Appeal from District Court, Oklahoma County; William C. Kessler, Judge.

Terry Eugene Bennett and James Lee Livingston, appellants, were convicted of the offense of Robbery With Firearms; were sentenced to a term of two hundred and fifty (250) years' imprisonment, each, and appeal. Judgments and sentences as so modified are affirmed.

Don Anderson, Public Defender, for appellants.

Terry Eugene Bennett, pro se.

James Lee Livingston, pro se.

Larry Derryberry, Atty. Gen., James L. Swartz, Asst. Atty. Gen., Joe Mark Elkouri, Legal Intern, for appellee.


BLISS, Judge:

[546 P.2d 660]

¶1 Appellants, Terry Eugene Bennett and James Lee Livingston, hereinafter referred to as defendants, were charged, tried before a jury and convicted in the District Court, Oklahoma County, Case No. CRF-74-3025, for the offense of Robbery With Firearms, in violation of 21 O.S., § 801 [21-801]. They were sentenced to a term of Two Hundred and Fifty (250) years each in the State penitentiary, and from said judgments and sentences a timely appeal has been perfected to this Court.

¶2 The first witness for the State was Juanita Dryden who testified that on September 4, 1974, she worked at Dryden's Grocery and Market at 1917 S. May in Oklahoma City. A few minutes before 6:00 that evening she was working in the store office when two Negro males, whom she identified as the defendants, entered. She testified that Livingston carried a [546 P.2d 661] sawed-off shotgun and threatened to "blast her head off" if she moved. She further testified that Bennett pointed a pistol at her and demanded her money. She gave him about $250.00 from her cash drawer. At this point, she called out to her husband over the intercom and Bennett fired the pistol into the store office. She testified that as her husband and son came into the store from the rear, Bennett fired three more shots at them.

¶3 The next witness for the State was Michael Wayne Williams who testified that he was a former Oklahoma City Policeman and that he now worked for his mother-in-law and father-in-law, the Drydens. He said that at about 5:45 p.m. defendant Bennett entered the store, purchased a small item with food stamps, and left.

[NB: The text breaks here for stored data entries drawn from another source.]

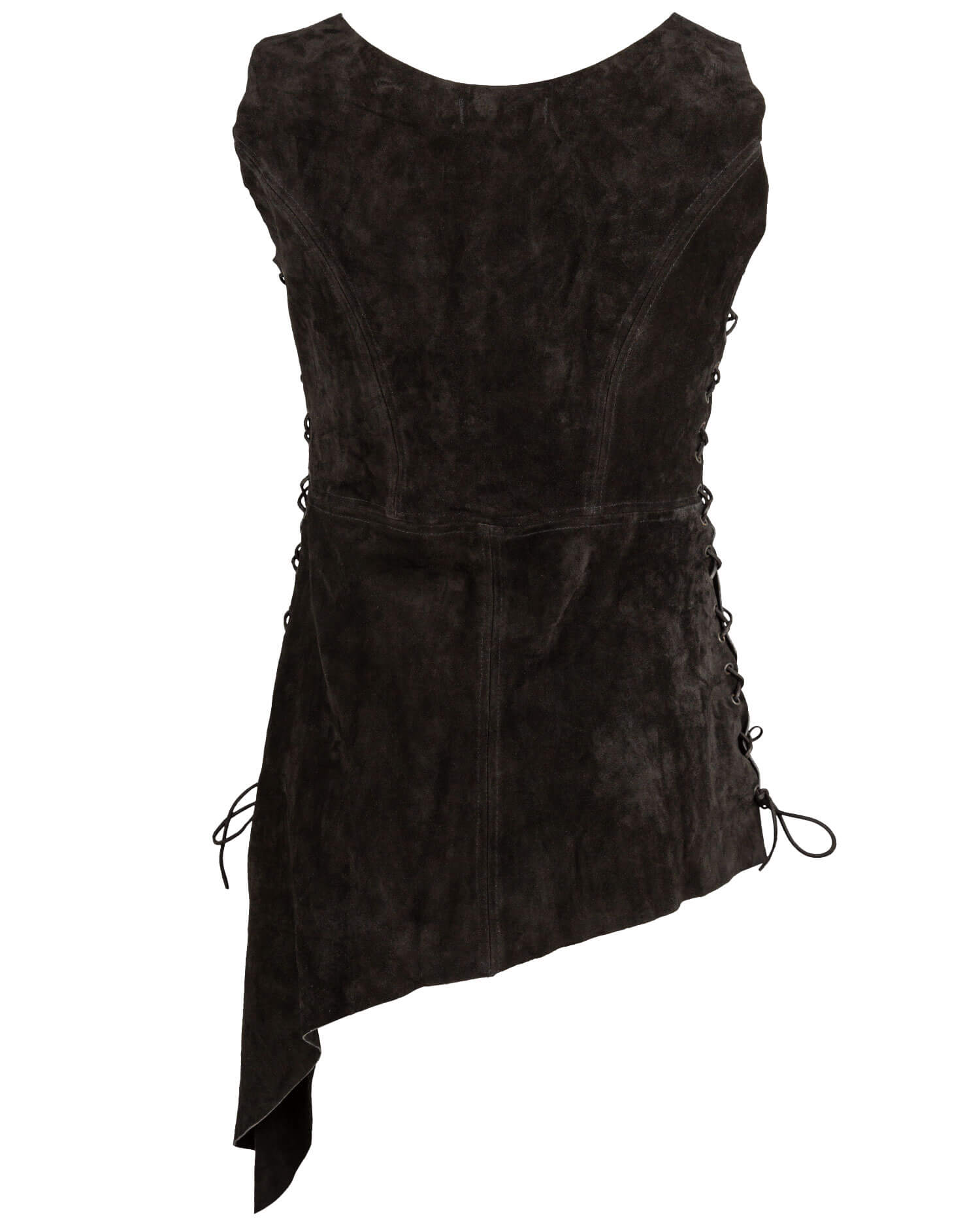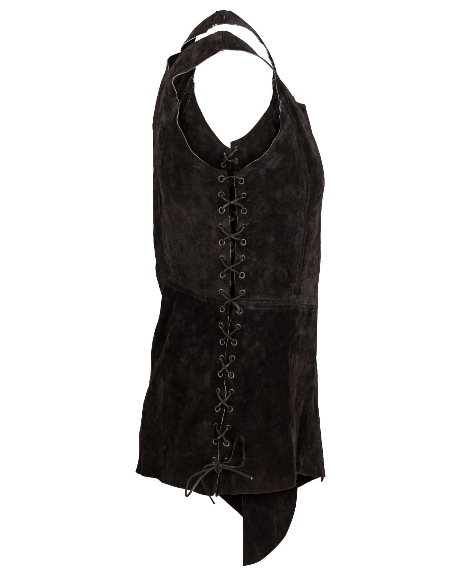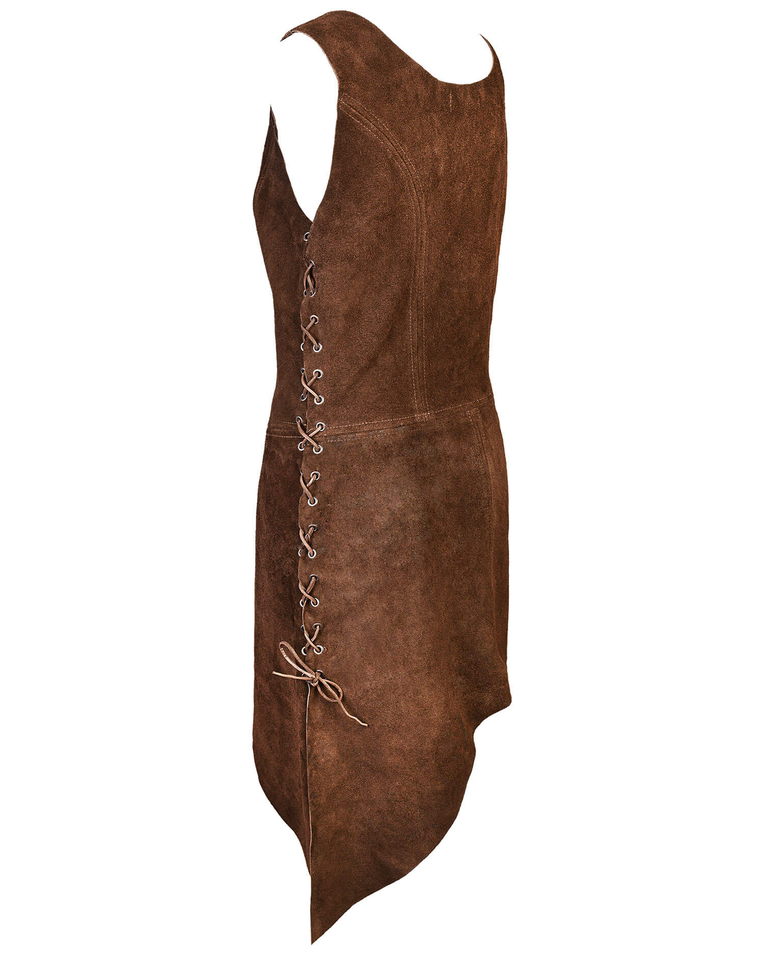 Bias-cut tabard made from fine suede. Closed at the sides with leather lacing.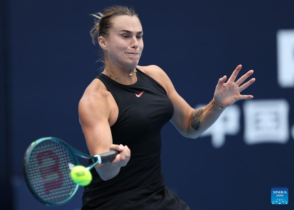 BEIJING, 2 octubre, 2024 (Xinhua) -- Aryna Sabalenka, de Bielorrusia, devuelve la pelota durante el partido de octavos de final de individuales femeninos entre Aryna Sabalenka, de Bielorrusia, y Madison Keys, de Estados Unidos, en el torneo de tenis Abierto de China 2024, en Beijing, capital de China, el 2 de octubre de 2024. (Xinhua/Zhang Long)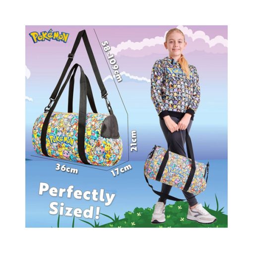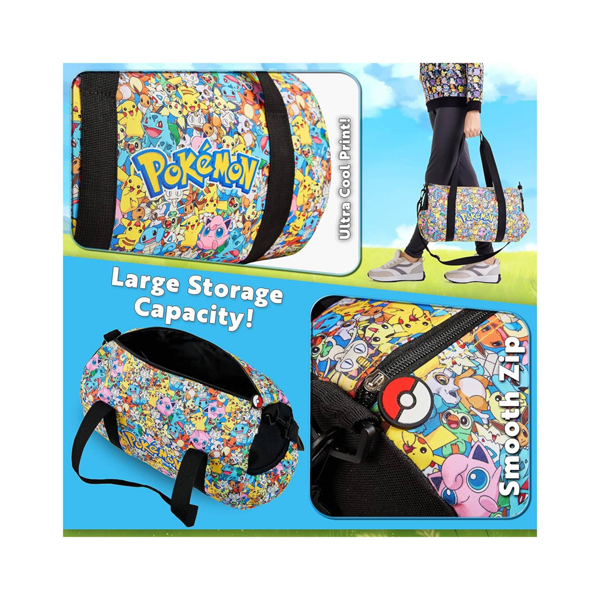 - Estarán listos para emprender cualquier aventura con esta bolsa de viaje Pokemon para niños. No solo se ve súper genial, sino que también es increíblemente práctico, con 1 compartimento principal grande con cremallera y 2 prácticos bolsillos en cada extremo. También hay 2 asas y una correa ajustable para llevarlo cómodamente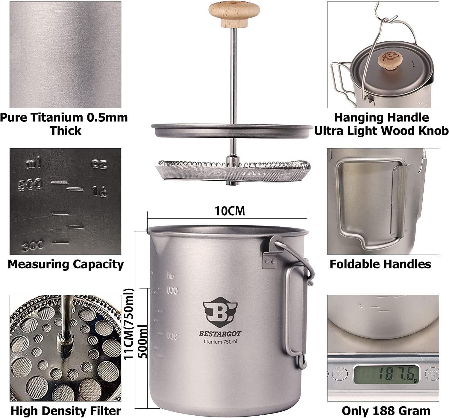 Bestargot Titanium Pot 750ml, Portable French Press | Ultralight Camping Pot for Coffee, Cooking & Survival | Compatible with Camp Stoves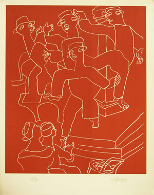 "Théâtre". Lithographie originale de Charles Lapicque (1898-1988). Signée et numérotéé 4/50. 1966. 67 x 53 cm.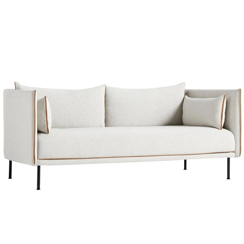 Le canapé Silhouette de HAY présente une silhouette simple et épurée adoucie par la courbe douce de son dossier. Silhouette repose sur des pieds fins en acier ou en chêne et il est garni d’un tissu de qualité supérieure. Les détails du passepoil en cuir ajoutent une touche graphique à la garniture. Grâce à sa structure à la fois légère et de grande capacité, Silhouette trouvera sa place aussi bien dans les salons domestiques que dans les salles d’attentes publiques. Son style frais et minimaliste résistera à l’épreuve du temps. Conçue par GamFratesi, la gamme Silhouette est disponible en plusieurs tailles et avec différentes options pour la garniture et les pieds.
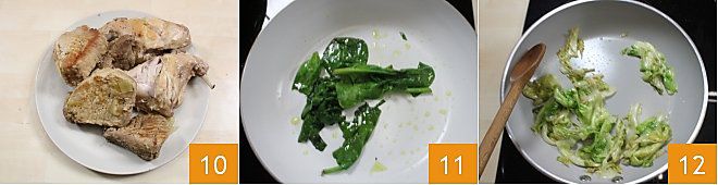 Wenn das Fleisch gar ist, nehmen Sie es heraus und lassen Sie es abkühlen 10. Bewahren Sie das Gemüse mit dem Bratenfond auf, der zum Würzen der Ravioli verwendet wird. In der Zwischenzeit braten Sie den Spinat 11 und den Endivien 12 jeweils in einer Pfanne mit etwas Öl an, bis sie zusammengefallen sind (das dauert etwa 5 Minuten). Wenn Sie möchten, können Sie den Spinat und den Endivien auch in einer einzigen Pfanne zubereiten, achten Sie darauf, zuerst den Endivien für ein paar Minuten zu garen und dann den Spinat hinzuzufügen, der weniger Zeit benötigt.
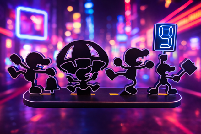 Conjunto de figuras coleccionables de Game & Watch. - Personajes icónicos de Nintendo. - Diseño en silueta negra. - Base de exhibición incluida.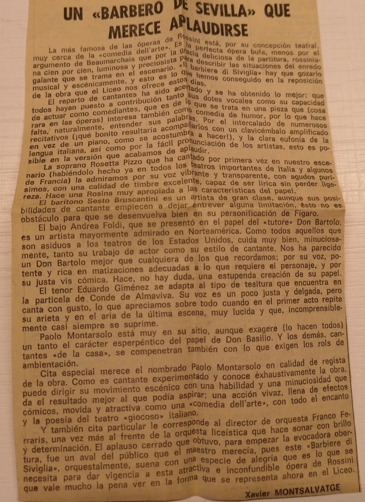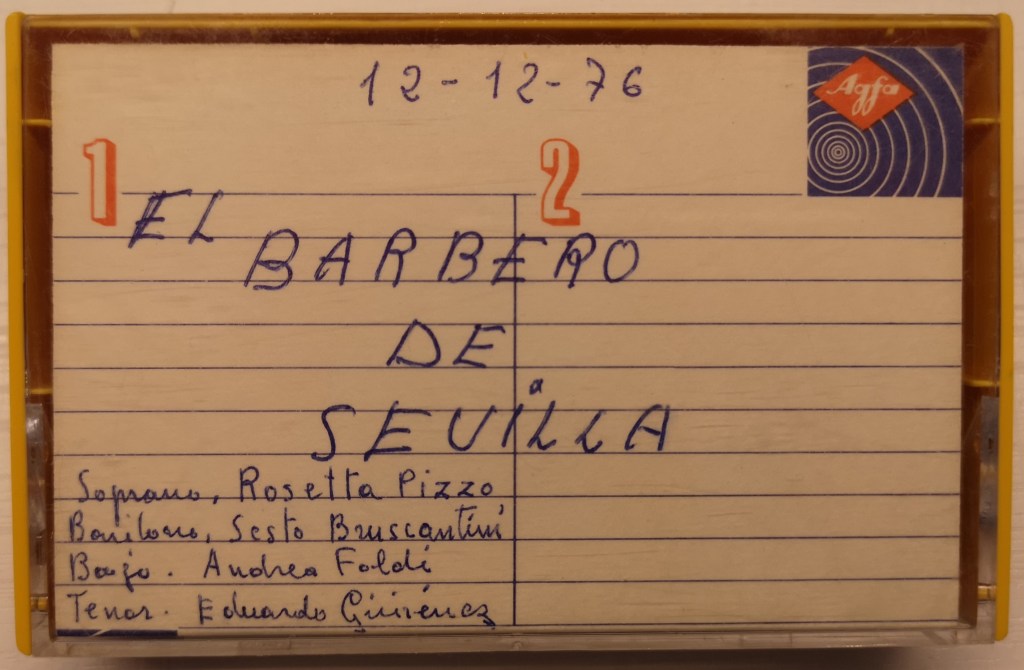 RNE | 12/12/1976 | Fragmento de la retransmisión de «Il barbiere di Siviglia» de Gioachino Rossini del Gran Teatre del Liceu de Barcelona. La información de la esta ópera concreta se encuentra en estos archivos del Liceu de Barcelona. Concrectamente el corte de audio es el final del segundo acto, los aplausos, conexión con el boletín informativo y finalmente hay un comentario del experto Dr. Colomer Pujol crítico y foniatra de Radio Nacional de España. En el informativo también se puede escuchar un mensaje de servicio de socorro de RNE. En relación al informativo emitido en diferido, se informa sobre el secuestro, el día anterior en su despacho en la Fundación Oriol, de Antonio María de Oriol y Urquijo. Dentro de la cinta se encuentra un artículo de Xavier Montsalvatge sobre esta obra. La cinta se grabó en esa época por Santiago Alsina.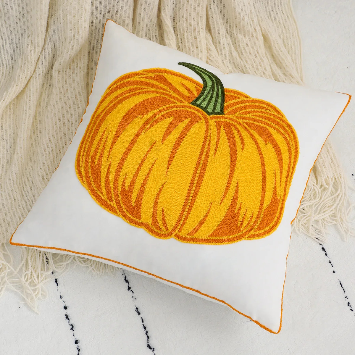 Velvet Pumpkin Throw Pillow Cover with Pumpkin Embroidery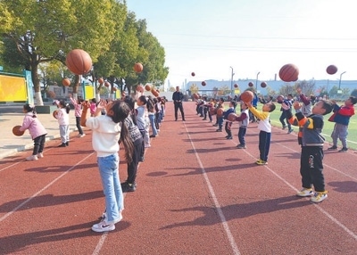 陶新明就在縣第五小學跟崗學習兩年,帶回了先進的教學模式和理念?!霸诮搪?lián)體支持下,我們校區(qū)目前已有兩名專職體育老師。我們在課后托管時間開設社團課,為有愛好和特長的學生系統(tǒng)地開設籃球、足球課,引導幫助他們全面發(fā)展?!碧招旅髡f。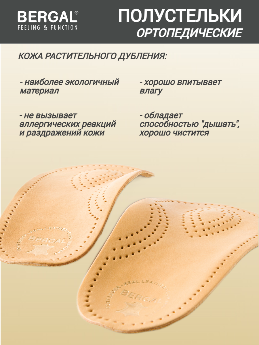 Полустельки для обуви BERGAL Perfect Plus D размер 42 стельки ортопедические женские кожаные с супинатором при плоскостопии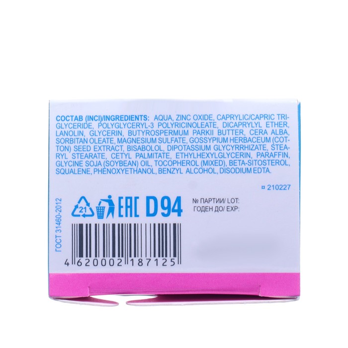 Состав: aqua, zincoxide, caprylic/caprictriglyceride, glycerin, polyglyceryl-3 polyricinoleate, butyrospermum parkii butter, lanolin, dicaprylyl ether, polyglyceryl-3 diisostearate, cera alba, magnesium sulfate, gossypium herbaceum seed extract, bisabolol, dipotassium, squalene, glyceryl linolenate, stearyl stearate, beta-sitosterol, cetylpalmitate, tocopherol(mixed), ethylhexylglycerin, paraffin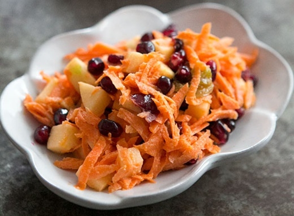 3. Поместить тертую морковь и нарезанные яблоки в большую миску. Полить соком лайма и перемешать.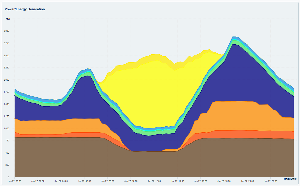 One of the most useful features is the Daily Generation Profile, which shows the country’s energy mix for a given day. For example, the chart for 27 January 2026 highlights how different energy sources worked together to meet the nation’s electricity demand.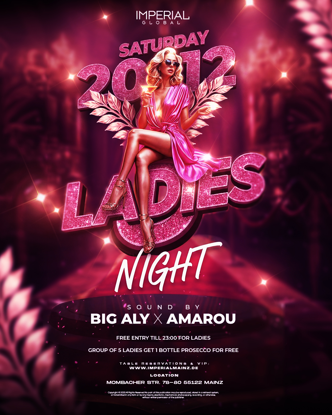 Ladies NightEventbeschreibungAm Samstag, den 20. Dezember, steht das Imperial Mainz ganz im Zeichen der Ladies Night. In glamouröser Atmosphäre feiern Gäste einen Abend voller Energie, Eleganz und guter Musik.Für die…

He testified that shortly thereafter, both defendants entered the store, this time with defendant Bennett carrying a pistol and defendant Livingston carrying a sawed-off shotgun. There were a number of customers in the store. Williams stated that Livingston went to the cashier's cage and Bennett confronted Williams at the cash register. The men then changed positions and Bennett went to the store office. The witness stated he saw his mother-in-law hand something to Bennett who then fired into the cashier's case. Bennett then returned to his original position in front of Williams and fired his pistol so closely to Williams that he felt the powder burn his face. As the witness' father-in-law and brother-in-law emerged from the rear of the store, Bennett fired two more shots at them.

¶4 The witness testified that as the men left the store he took a .30 caliber military carbine belonging to him and went outside where he saw defendant Bennett getting into the passenger side of a white Cadillac. He stated that Bennett fired once at him and that he then began shooting at the Cadillac. He suspected that he had hit the driver in the hand and as the car pulled out of the lot he shot about 15 more times, breaking out the rear glass. The car turned north on May Avenue and the witness then called the police. Williams discovered a sawed-off shotgun in the parking lot after the Cadillac left, but did not move it.

¶5 The State's next witness was Terry Lynn Dryden who testified he was working in his parents' store on September 4, 1974, at about 6:00 p.m. He stated he entered the front of the store where a man whom he identified as defendant Livingston held a shotgun on him and threatened to "blow his head off." He stated that he ducked behind a counter and heard shots fired but never got a good look at the other man in the store.

¶6 Officer Larry Wickline of the Oklahoma City Police Department testified that he responded to a call from the dispatcher at about 6:00 p.m. on September 4, 1974, and went to Dryden's Market. There he found a shotgun in the parking lot and empty .30 caliber carbine shells nearby. He also found two spent .22 caliber cartridges inside the store. He further testified that he observed powder burns on the face of Michael Williams.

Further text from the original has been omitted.